Face Extraction and Alignment

The algorithm extracts faces from the video, aligns, and normalizes them using MediaPipe and MTCNN.

Feature Embedding Extraction

Utilizes the InceptionResnetV1 model to extract facial features and FER to detect emotions.

Clustering and Outlier Detection

Clusters faces to organize them by person.

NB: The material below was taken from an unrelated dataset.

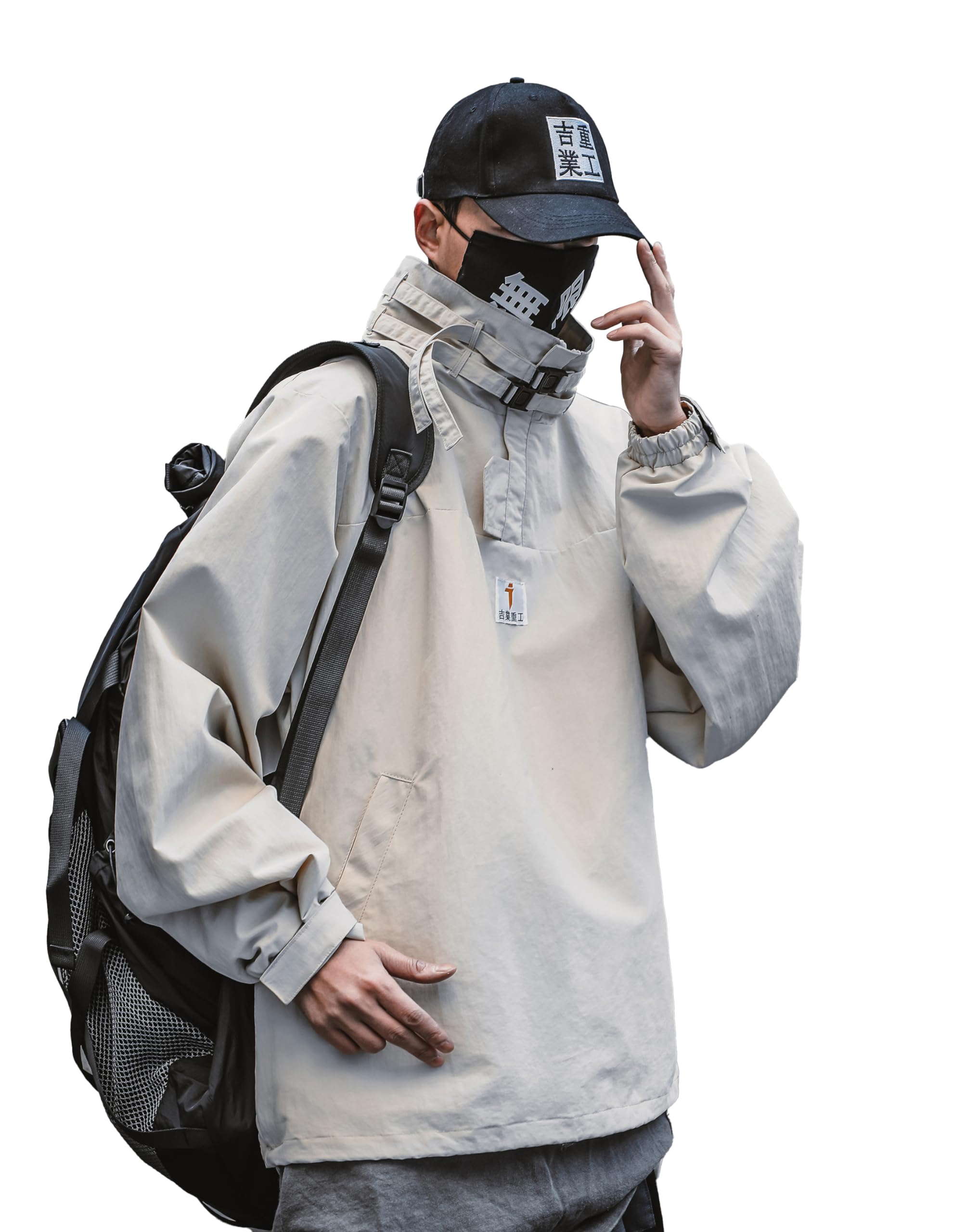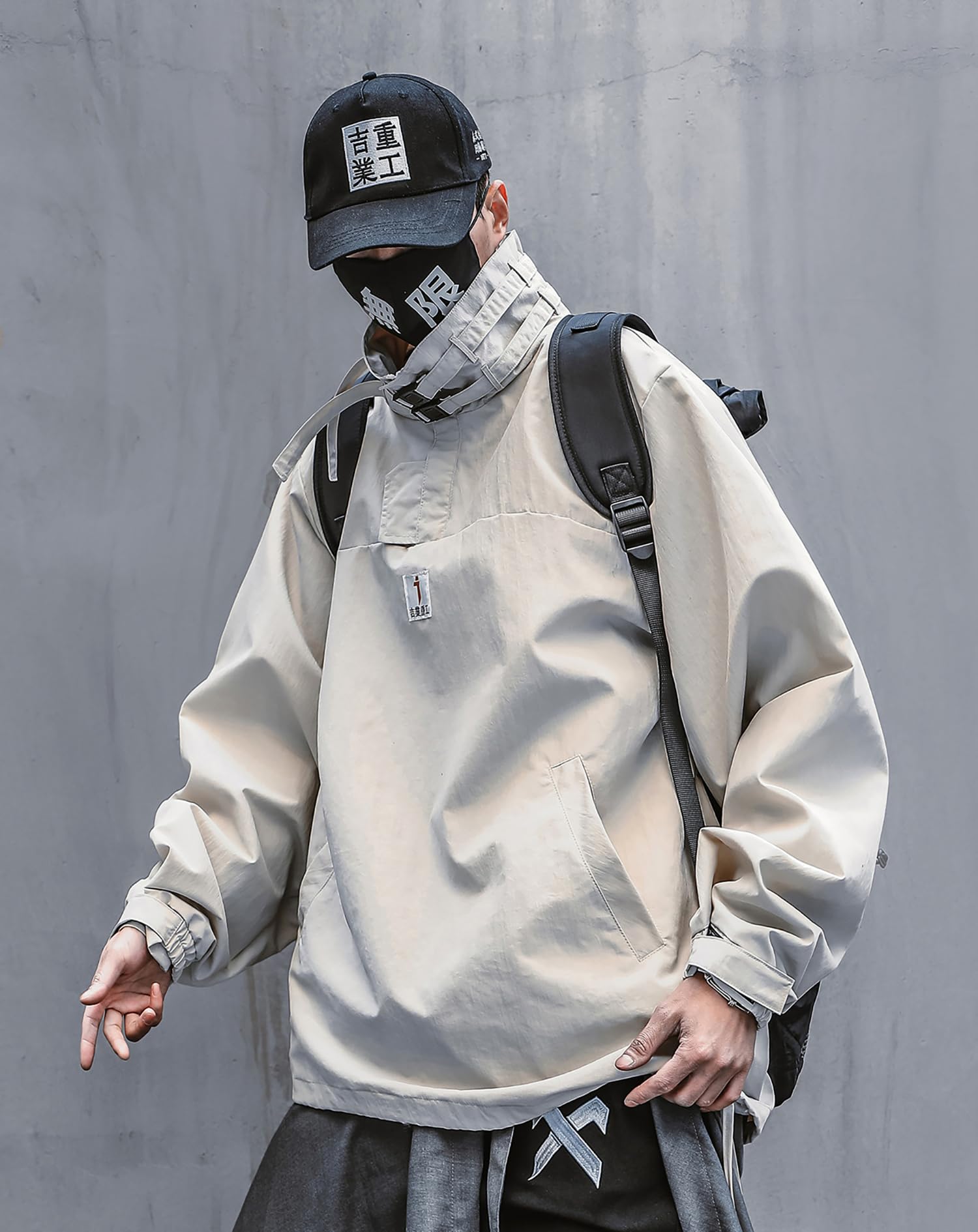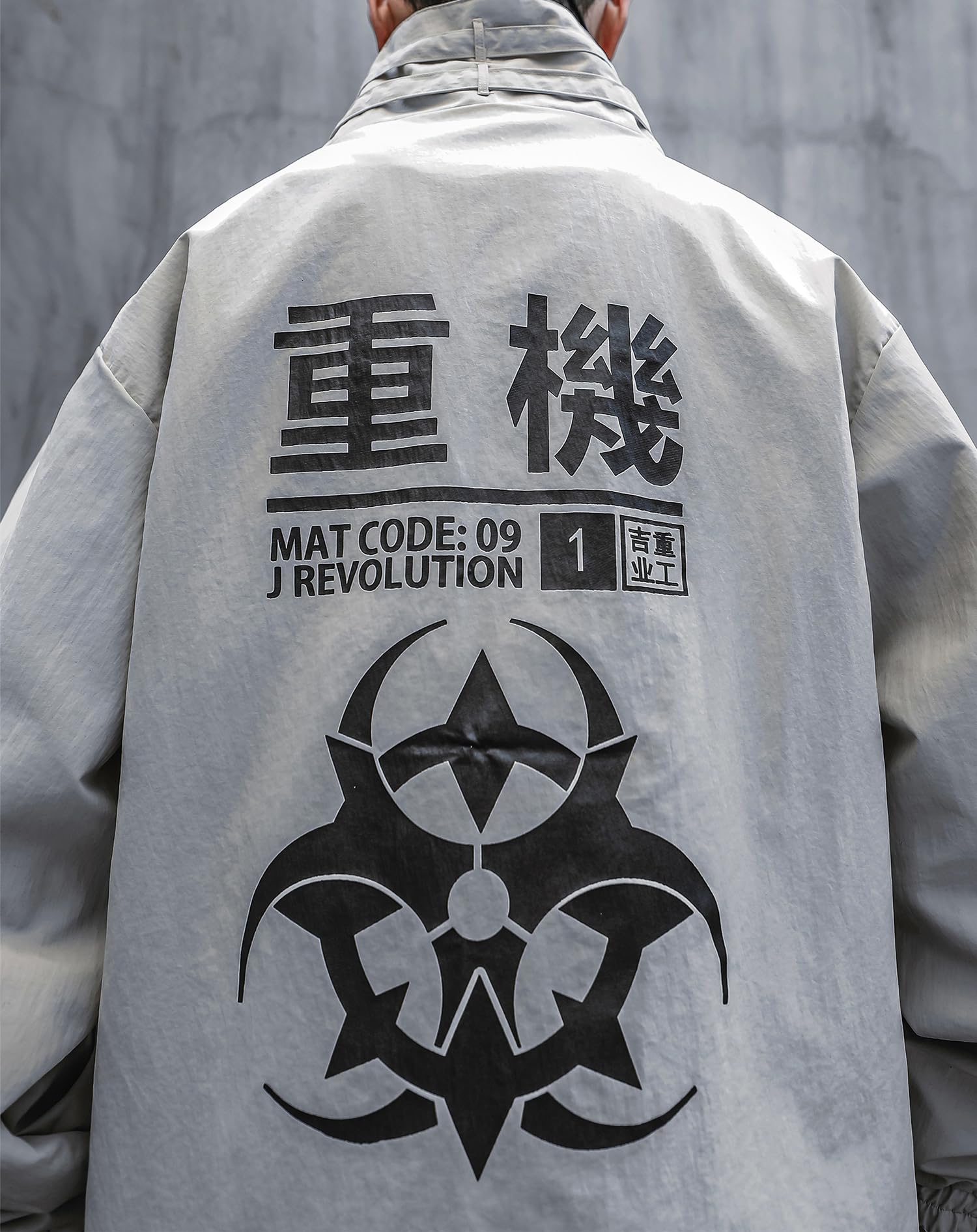 Printed with japanese kanji and unique graphic on the back, this windbreaker jacket embodies the techwear aesthetics, adding a distinctive touch to your outfit.

LSTM Autoencoder for Anomaly Detection

Trains an LSTM autoencoder to identify anomalies in facial expressions over time. This model helps capture temporal dependencies and irregularities in the sequence of facial expressions and feature embeddings.

Dependencies

  • torch
  • facenet-pytorch
  • mediapipe
  • FER
  • sklearn
  • umap-learn
  • tqdm
  • opencv-python
  • scipy
  • pandas

Conclusion

This tool offers robust solutions for detecting emotional anomalies in video-based facial expressions, beneficial for both forensic analysis and HUMINT operations. By leveraging advanced computer vision techniques and the power of LSTM autoencoders, it provides timely and crucial insights into human behavior.